• Exercise requirements:
Write out the entries exactly, leaving out every picture.

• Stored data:
* * *

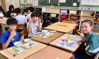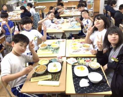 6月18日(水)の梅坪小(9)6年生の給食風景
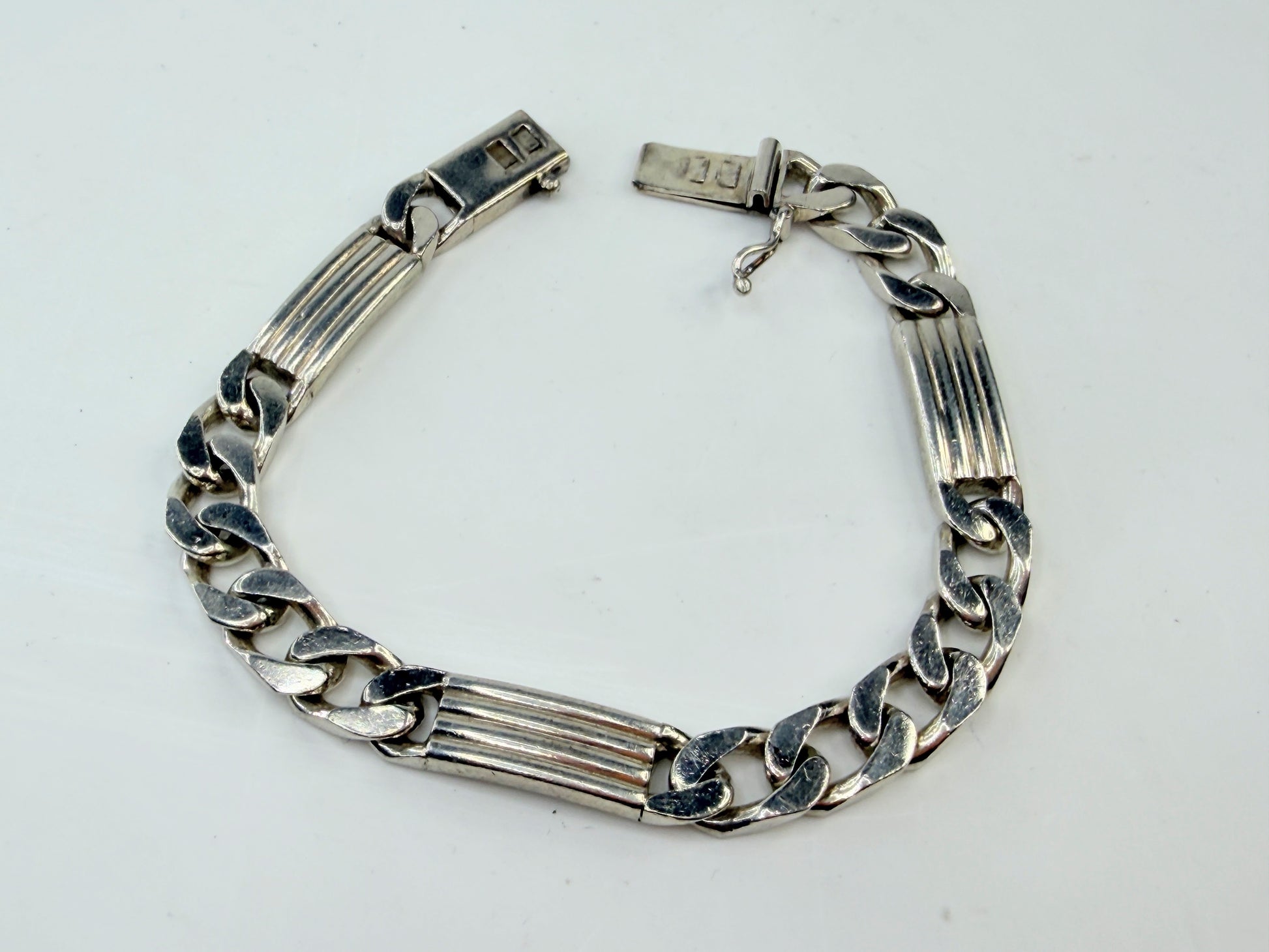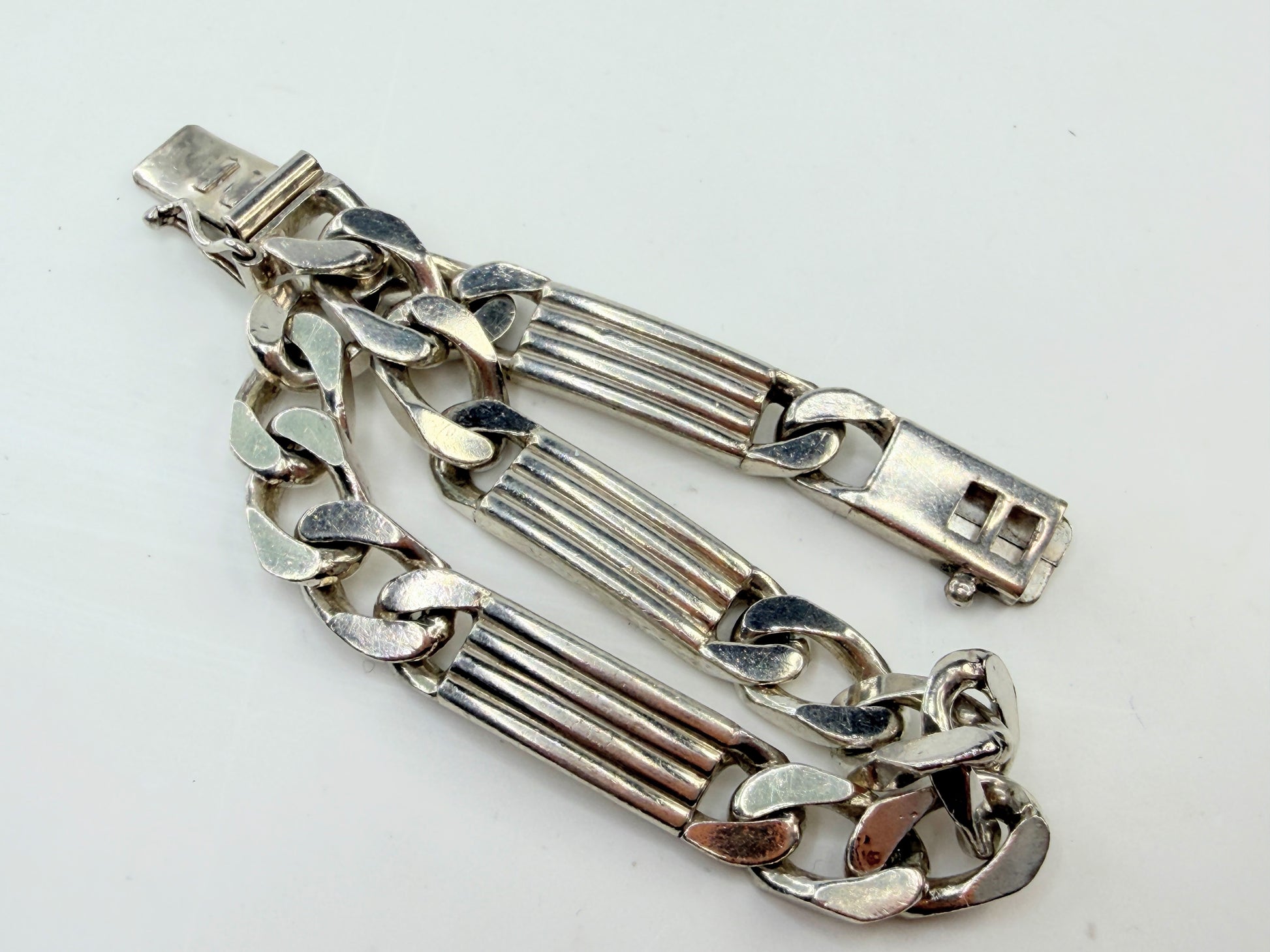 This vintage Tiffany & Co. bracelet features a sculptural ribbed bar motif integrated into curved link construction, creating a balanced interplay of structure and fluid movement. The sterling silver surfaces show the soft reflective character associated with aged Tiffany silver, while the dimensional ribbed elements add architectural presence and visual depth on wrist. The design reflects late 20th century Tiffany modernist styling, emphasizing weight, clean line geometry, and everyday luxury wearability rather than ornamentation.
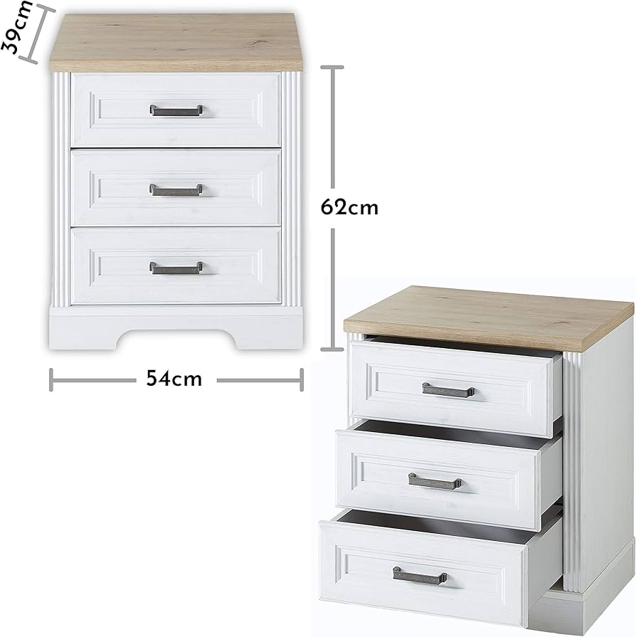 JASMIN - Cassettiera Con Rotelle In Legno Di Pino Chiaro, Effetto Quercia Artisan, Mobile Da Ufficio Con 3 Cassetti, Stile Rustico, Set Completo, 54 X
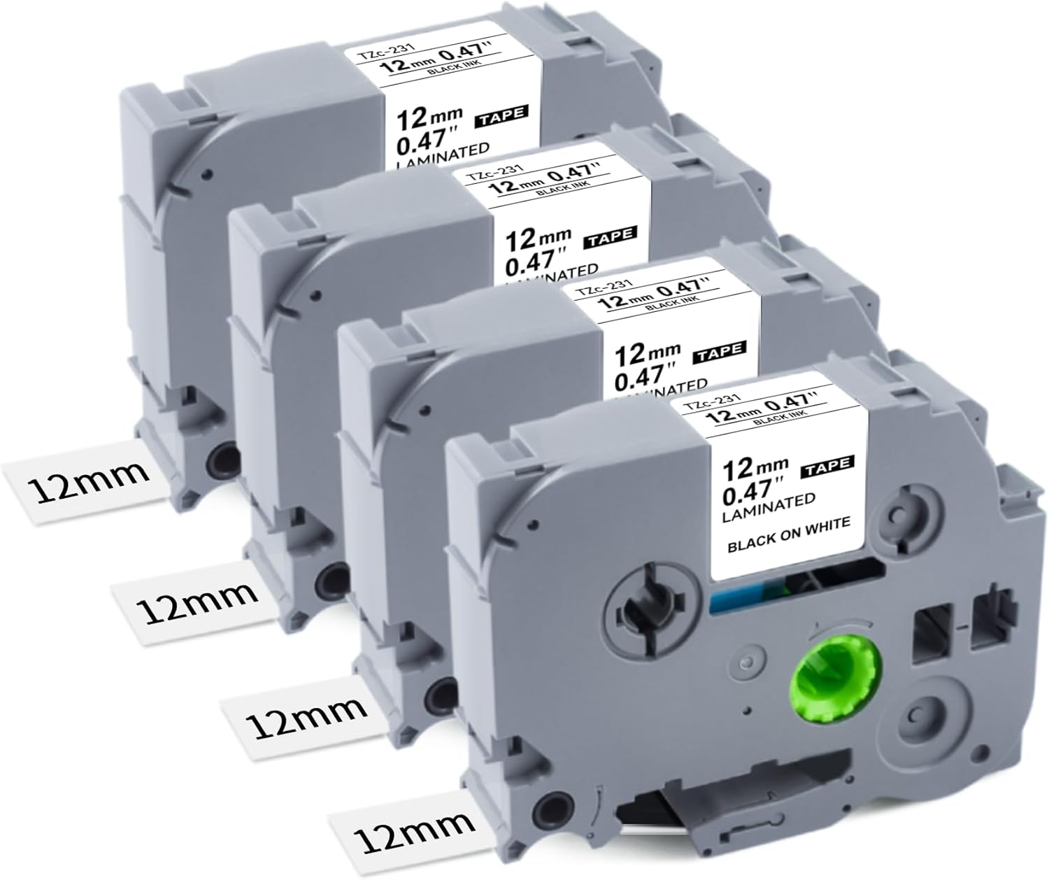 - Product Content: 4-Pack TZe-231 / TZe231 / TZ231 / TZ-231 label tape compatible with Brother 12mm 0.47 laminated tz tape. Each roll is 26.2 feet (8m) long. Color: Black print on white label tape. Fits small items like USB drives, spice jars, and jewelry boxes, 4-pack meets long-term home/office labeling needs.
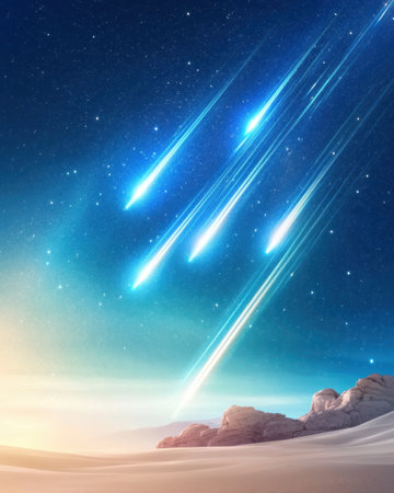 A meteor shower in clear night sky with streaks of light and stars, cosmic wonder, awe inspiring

* * *

• Exercise output:
 6月18日(水)の梅坪小(9)6年生の給食風景
 This vintage Tiffany & Co. bracelet features a sculptural ribbed bar motif integrated into curved link construction, creating a balanced interplay of structure and fluid movement. The sterling silver surfaces show the soft reflective character associated with aged Tiffany silver, while the dimensional ribbed elements add architectural presence and visual depth on wrist. The design reflects late 20th century Tiffany modernist styling, emphasizing weight, clean line geometry, and everyday luxury wearability rather than ornamentation.
 JASMIN - Cassettiera Con Rotelle In Legno Di Pino Chiaro, Effetto Quercia Artisan, Mobile Da Ufficio Con 3 Cassetti, Stile Rustico, Set Completo, 54 X
 - Product Content: 4-Pack TZe-231 / TZe231 / TZ231 / TZ-231 label tape compatible with Brother 12mm 0.47 laminated tz tape. Each roll is 26.2 feet (8m) long. Color: Black print on white label tape. Fits small items like USB drives, spice jars, and jewelry boxes, 4-pack meets long-term home/office labeling needs.
 A meteor shower in clear night sky with streaks of light and stars, cosmic wonder, awe inspiring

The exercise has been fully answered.